Next, to more confidently enumerate the CTCF sites overlapping or very close to regions of ASM, we looked specifically for CTCF binding sites with ≥2 ASM CpGs (as defined by Chen et al. ) in a 1 kb window centered on the CTCF peak. A total of 158 CTCF sites met this criterion; among them, 142 were gene associated, with at least one named gene within 100 kb of the CTCF sites. Of these genes, we were able to cross-tabulate 75 to the current GWAS catalog (http://www.genome.gov/gwastudies). Interestingly, 61 of them were associated with a major human trait or disease susceptibility signal, and for 25 genes the CTCF binding sites, ASM and the GWAS peak SNP were all located in the same haplotype block - suggesting that these GWAS signals reflect a bona fide (functionally active) regulatory haplotype (Table S4, including our annotations for CpG SNPs, and examples in Fig. 6C). Thus, while CTCF sites are not enriched overall near regions of ASM, ASM-associated CTCF sites have a somewhat different distribution than other CTCF sites and, more importantly, are often associated with GWAS peaks for human traits and diseases.

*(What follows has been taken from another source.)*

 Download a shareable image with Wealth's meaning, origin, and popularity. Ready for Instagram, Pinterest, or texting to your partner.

One of the biologically important consequences of ASM is allele-specific RNA expression (ASE). We previously demonstrated strong haplotype-dependent ASE of the CYP2A7 gene , and we were interested to ask whether ASE could be detected in the other chromosomal regions with ASM analyzed in this report. Assays comparing the representation of SNPs in genomic versus cDNA PCR products showed a definite and recurrent bias in allele-specific mRNA expression of the C2orf76 gene, associated with the STEAP3-C2orf76 DMR (Fig. 8). The untranslated AK097792 RNA transcript, associated with RPN1-C3orf27 DMR also showed a recurrent bias in ASE: from 13 tested individuals informative for ASE, 6 showed a definite but not complete allele-specific bias, four had complete ASE and three were biallelically expressed (Fig. 8 and Fig. S3). In each of 6 informative samples with definite or complete ASE, and data for ASM, the relatively hypermethylated allele was the repressed one, suggesting a functional link between ASE and ASM at this locus. Interestingly, current ENCODE data support our findings from RT-PCR of a long non-coding RNA (lncRNA) traversing the DMR, and also suggest that a micro-RNA, as yet unnamed, arises from very close to this DMR (Figure S3).

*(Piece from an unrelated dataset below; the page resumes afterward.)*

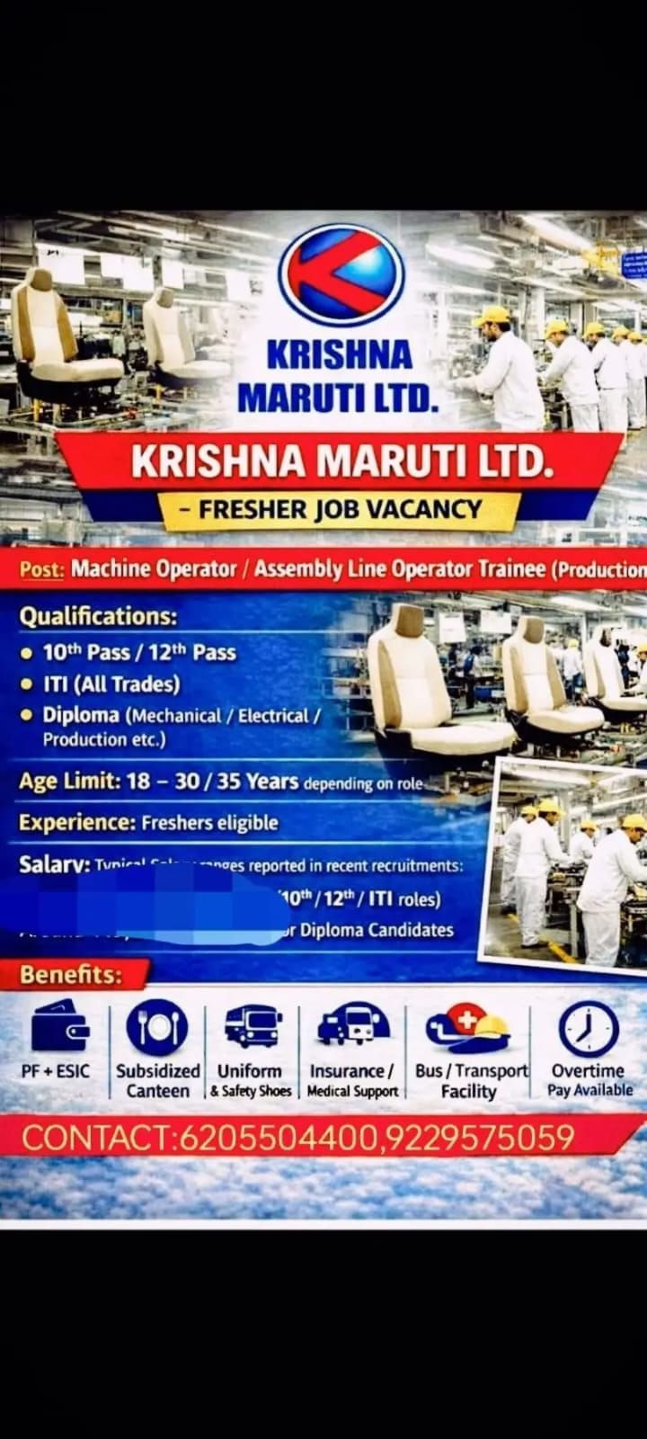 Krishna Maruti Ltd. is hiring candidates for operator roles.

The absence of transcribed SNPs prevented ASE assays for VTRNA2-1, but as was found by Treppendahl et al.  using a different cell line, our assays for activation of this gene by the demethylating drug 5aza-dC provided evidence for methylation-dependent expression of VTRNA2-1 in HL60, ML3, and Jurkat leukemia cells (Figure S9). Additional analyses showed that the STEAP3 gene is biallelically expressed in PBL and liver, while TGFBI and SMAD5, flanking VTRNA2-1, exhibit only a slight allelic expression bias in PBL, as do RPN1 and C3orf27 in placental samples (data not shown).
ASM is a well-studied hallmark of genomic imprinting. However, in the past several years this same type of allelic asymmetry has been found in and around many non-imprinted genes, both in normal human tissues and in F1 progeny of inter-strain mouse crosses , . In contrast to imprinted ASM, in which the methylation status is dictated by the parent of origin of the allele, when ASM occurs at non-imprinted loci it is usually haplotype-dependent. Thus non-imprinted ASM is controlled by genetic polymorphisms, such as SNPs, indels and copy number variants (CNVs), which act in cis to set up the allelic asymmetries. The mechanism(s) by which this occurs are not yet understood. Research on this topic is important because haplotype-dependent ASM, with its functional correlate of genotype-specific gene expression manifesting as ASE and expression quantitative trait loci (eQTLs), is a major route by which inter-individual genetic differences in non-coding sequences can lead to differences in phenotypes, including disease susceptibility.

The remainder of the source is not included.